Open dhil opened 3 months ago
+1 to @rossberg's previous suggestion to accomplish this using a resume
variant.
I suppose a downside of the resume_barrier
variation is that it requires placing the code on continuation (i.e. another stack), whereas the block variation allows code to run on the main stack.
Thinking ahead to shared suspendable functions, an advantage of a block-scope barrier is that it would allow a shared suspendable function to temporarily hold non-shared references inside the scope of the barrier. It could also allow shared-non-suspendable functions that hold arbitrary non-shared references to be inlined into shared-suspendable callers. This is similar to how try_table
allows callees in its scope to be inlined without issue, but an EH design that instead annotated calls with exception handlers would not permit inlining.
I've also been thinking a little more about this. If we require a "shared-only" handler/barrier only on the shared-nonsuspendable
to shared-suspendable
transition, this would allow shared-suspendable
functions to freely call shared-nonsuspendable
functions and inline the callee. If a shared-suspendable
function wants to open a block scope for transiently manipulating unshared
data, it can be allowed to just open a regular block
with a shared-nonsuspendable
function type, and unshared
data can be manipulated in the body of this block - no handler update or shared-barrier
needed! Note that opening a shared-suspendable
block in a shared-nonsuspendable
function would be disallowed, since in this scenario we're requiring a (call-level) shared-barrier
on such transitions.
I think this is consistent with a world where we don't need a block-scoped barrier
instruction. Just like barrier
could be done purely at the call level, the shared-barrier
is needed only at the call level on a shared-nonsuspendable
to shared-suspendable
transition. The other need for a shared-barrier
(manipulating unshared
data held in some TLS) can be satisfied by a regular shared-nonsuspendable
block, which is probably even more lightweight since you don't need to go around flipping any bits at runtime.
I was under the impression that the problem being addressed by some barrier was one of mixing code: in particular, being able to safely mix code generated by a stack switching aware tool with code written before the existence of stack switching.
Yes, for a plain barrier that has nothing to do with multithreading, that's definitely the primary use case. We're thinking ahead to the multithreaded stack switching use case because in that setting, preventing frames that contain unshared references from being suspended as a shared continuation becomes important for correctness as well, and it would be nice if we could use a similar mechanism in both cases.
Opinion: a barrier instruction (whether its a block instruction or a special resume handler) has a architectural deficiency from the perspective of this use case. The issue is that it requires a code that uses stack switching (the using module) to be aware of accessing modules that are not aware of stack switching (the vulnerable module) but need protection. This 'works' but is not fully reliable. In particular, in the situation where the vulnerable module is actually upgraded, this will require the using module to also be upgraded.

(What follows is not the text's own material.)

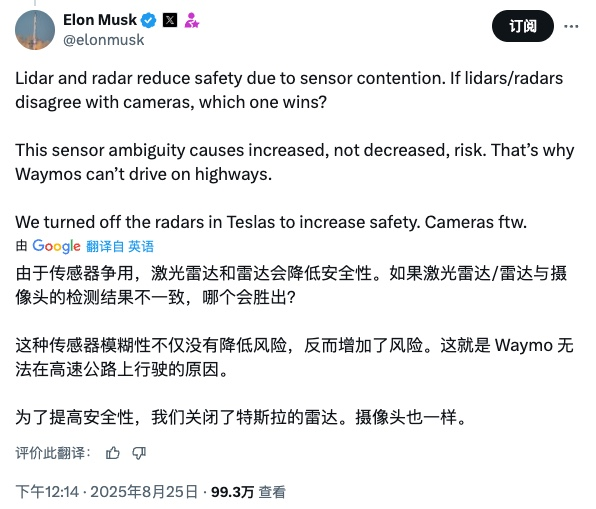 马斯克近日在社交媒体上指出:"激光雷达和雷达会降低安全性,因为存在传感器冲突。如果激光雷达与摄像头不一致,那么该相信哪一个?这种传感器模糊性导致的是风险增加,而不是减少。" 他进一步举例称:"这就是为什么 Waymo 无法在高速公路上行驶。我们在特斯拉上关闭了雷达,以提高安全性。"
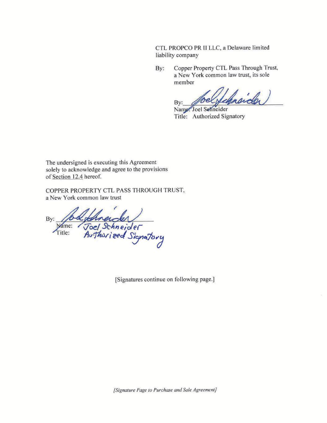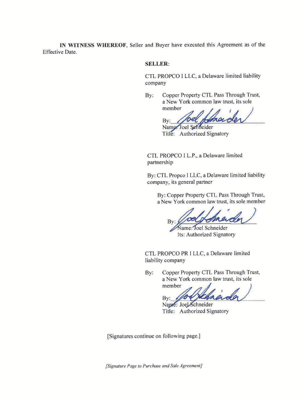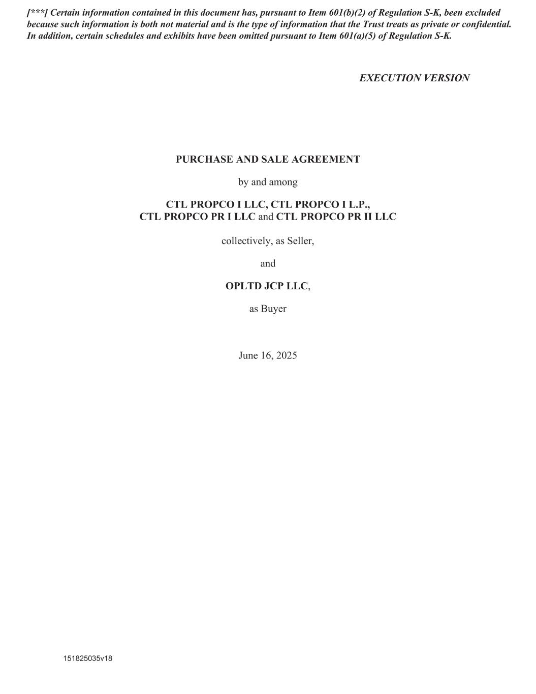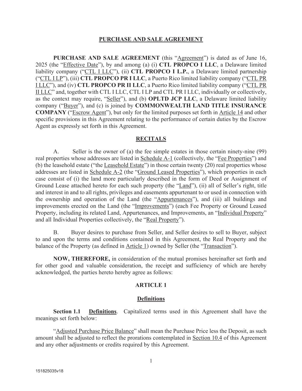 1 151825035v18 PURCHASE AND SALE AGREEMENT PURCHASE AND SALE AGREEMENT (this “Agreement”) is dated as of June 16, 2025 (the “Effective Date”), by and among (a) (i) CTL PROPCO I LLC, a Delaware limited liability company (“CTL I LLC”), (ii) CTL PROPCO I L.P., a Delaware limited partnership (“CTL I LP”), (iii) CTL PROPCO PR I LLC, a Puerto Rico limited liability company (“CTL PR I LLC”), and (iv) CTL PROPCO PR II LLC, a Puerto Rico limited liability company (“CTL PR II LLC” and, together with CTL I LLC, CTL I LP and CTL PR I LLC, individually or collectively, as the context may require, “Seller”), and (b) OPLTD JCP LLC, a Delaware limited liability company (“Buyer”), and (c) is joined by COMMONWEALTH LAND TITLE INSURANCE COMPANY (“Escrow Agent”), but only for the limited purposes set forth in Article 14 and other specific provisions in this Agreement relating to the performance of certain duties by the Escrow Agent as expressly set forth in this Agreement. RECITALS A. Seller is the owner of (a) the fee simple estates in those certain ninety-nine (99) real properties whose addresses are listed in Schedule A-1 (collectively, the “Fee Properties”) and (b) the leasehold estate (“the Leasehold Estate”) in those certain twenty (20) real properties whose addresses are listed in Schedule A-2 (the “Ground Leased Properties”), which properties in each case consist of (i) the land more particularly described in the form of Deed or Assignment of Ground Lease attached hereto for each such property (the “Land”), (ii) all of Seller’s right, title and interest in and to all rights, privileges and easements appurtenant to or used in connection with the ownership and operation of the Land (the “Appurtenances”), and (iii) all buildings and improvements erected on the Land (the “Improvements”) (each Fee Property or Ground Leased Property, including its related Land, Appurtenances, and Improvements, an “Individual Property” and all Individual Properties collectively, the “Real Property”). B. Buyer desires to purchase from Seller, and Seller desires to sell to Buyer, subject to and upon the terms and conditions contained in this Agreement, the Real Property and the balance of the Property (as defined in Article 1) owned by Seller (the “Transaction”). NOW, THEREFORE, in consideration of the mutual promises hereinafter set forth and for other good and valuable consideration, the receipt and sufficiency of which are hereby acknowledged, the parties hereto hereby agree as follows: ARTICLE 1 Definitions Section 1.1 Definitions. Capitalized terms used in this Agreement shall have the meanings set forth below: “Adjusted Purchase Price Balance” shall mean the Purchase Price less the Deposit, as such amount shall be adjusted to reflect the prorations contemplated in Section 10.4 of this Agreement and any other adjustments or credits required by this Agreement.

I suppose a downside of the
resume_barrier
variation is that it requires placing the code on continuation (i.e. another stack), whereas the block variation allows code to run on the main stack.
I was thinking about this more, and I realized that if a resume_barrier
does not have any handlers besides the barrier
itself, then there's no need for it to switch to a different stack since it can never be suspended to. Of course taking advantage of this requires the resumed continuation to be invokable without switching stacks, and I don't know how feasible that would be for implementations.
@tlively a fused create and resume instruction would probably help with this (or an analogous special-cased peephole optimisation in the engine).
If you fused cont.new and resume_barrier, you might as well just call the result call_barrier. And then if you wanted to take a page out of the EH playbook to prevent further proliferation of call variants, you might want to make the barrier a block instruction instead.
My understanding is that by avoiding a block barrier
, we avoid needing to carry around/manage an extra mutable flag on each stack (including clearing the flag when the end
of the barrier
block is reached). I'd argue this applies doubly when we consider block-level shared-barrier
, since IIUC this would need a second flag. FWIW I'd be fine with not fusing the instructions unless it's clear we need the optimisation and engine-level peephole work isn't sufficient/acceptable.
Looking at shared-barrier
specifically, I think in the scheme I outlined above there's not much benefit to having a block-level shared-barrier
, because you need at least one "shared
-aware" handler if you want to successfully suspend a shared continuation, and you may as well put the barrier directly on this handler rather than trivially putting it on a separate block.
I suspect that the most sensible decision is to leave barrier
of any kind out of this proposal. That has the happy side effect of reducing design coupling between this proposal and shared-everything threads.
I've removed the barrier
instruction from #84 as we agreed on Monday.
Should we close this issue?
The stack switching proposal notably does not feature the
barrier
instruction from the WasmFX/typed continuations proposal? The question is, do we want to include such an instruction? Do we have a use-case (in mind)? The WasmFX barrier instruction has previously been discussed in issue #44.